Regulation: Paying trustees

Rosie Chapman, executive director of policy and effectiveness at the commission, says charities are unlikely to be able to pay their trustees

Rosie Chapman, executive director of policy and effectiveness, the Charity Commission
Rosie Chapman, executive director of policy and effectiveness, the Charity Commission

Now more than ever, charities must be able to explain their non-visible costs and make sure they are operating as effectively as possible. Yet we still regularly receive requests from solicitors or boards seeking authorisation to pay a trustee purely for being a trustee.

The message that trusteeship should remain essentially voluntary was reiterated strongly in our guidance Trustee Expenses And Payments, but there appears to be some inconsistency in how clearly the message is filtering down. If a charity's governing documents do not allow for a trustee to be remunerated, the chances of us authorising payment are small. We will do so only when it is fully justified.

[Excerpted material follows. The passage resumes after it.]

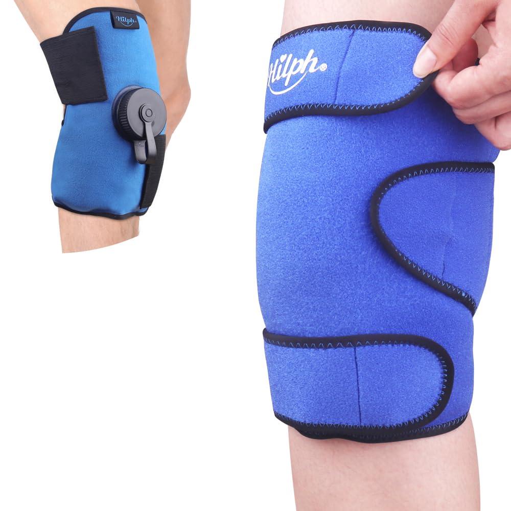 - [Innovative Design]: Hilph knee ice bag wrap for injuries features an innovative concept with one-piece, hand-free refillable ice bag design that achieves instant and comfort relief, long-lasting coldness for up to 2 hours. Snugly fit the curve of your knee and enjoy instant pain relief without advance freezing, just need to add ice cubes or crushed ice in the ice bag.
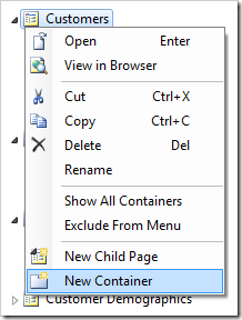 Start the Project Designer. In the Project Explorer, right-click on Customers page node and press New Container.

I do wonder whether some of these charities have really looked at the role of the trustee carefully enough before coming to the conclusion that the only way to get one is to offer payment. People become trustees for a number of reasons: commitment to the cause; personal development and experience; the kudos of the role.

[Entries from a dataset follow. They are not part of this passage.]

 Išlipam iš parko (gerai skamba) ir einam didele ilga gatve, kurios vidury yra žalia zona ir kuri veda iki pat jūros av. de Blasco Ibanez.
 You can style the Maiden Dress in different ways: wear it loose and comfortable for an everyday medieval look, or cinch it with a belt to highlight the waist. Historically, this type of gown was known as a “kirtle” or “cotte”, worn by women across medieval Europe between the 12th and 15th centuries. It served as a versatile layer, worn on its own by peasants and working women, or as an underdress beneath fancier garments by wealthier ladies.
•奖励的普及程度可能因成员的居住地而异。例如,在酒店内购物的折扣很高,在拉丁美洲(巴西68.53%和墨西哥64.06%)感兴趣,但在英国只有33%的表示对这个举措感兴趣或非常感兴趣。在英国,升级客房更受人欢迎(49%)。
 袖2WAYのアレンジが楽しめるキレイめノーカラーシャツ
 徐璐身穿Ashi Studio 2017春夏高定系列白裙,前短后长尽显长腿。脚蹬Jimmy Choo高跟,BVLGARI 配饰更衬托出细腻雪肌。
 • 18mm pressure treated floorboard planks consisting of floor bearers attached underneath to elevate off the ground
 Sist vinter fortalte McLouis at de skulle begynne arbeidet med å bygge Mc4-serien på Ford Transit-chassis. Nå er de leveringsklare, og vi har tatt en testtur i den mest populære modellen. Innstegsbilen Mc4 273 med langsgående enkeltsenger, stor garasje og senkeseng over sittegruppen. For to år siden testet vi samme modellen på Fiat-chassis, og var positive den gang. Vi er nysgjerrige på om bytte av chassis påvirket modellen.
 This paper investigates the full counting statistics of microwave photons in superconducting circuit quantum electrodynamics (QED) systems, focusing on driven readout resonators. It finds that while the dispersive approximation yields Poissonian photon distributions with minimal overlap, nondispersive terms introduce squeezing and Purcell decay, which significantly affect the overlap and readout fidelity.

The key question is whether paying a trustee for trusteeship is in the charity's interests and will help it achieve its purposes. Paying trustees - particularly now - would also require the charity in question to manage conflicts of interest in a visible way.

Compensating a trustee of a small local charity for lost earnings so they can accept the role is one thing; paying for what amounts to professional trusteeship is another. For those in doubt, re-reading our guidance should help provide the necessary clarity.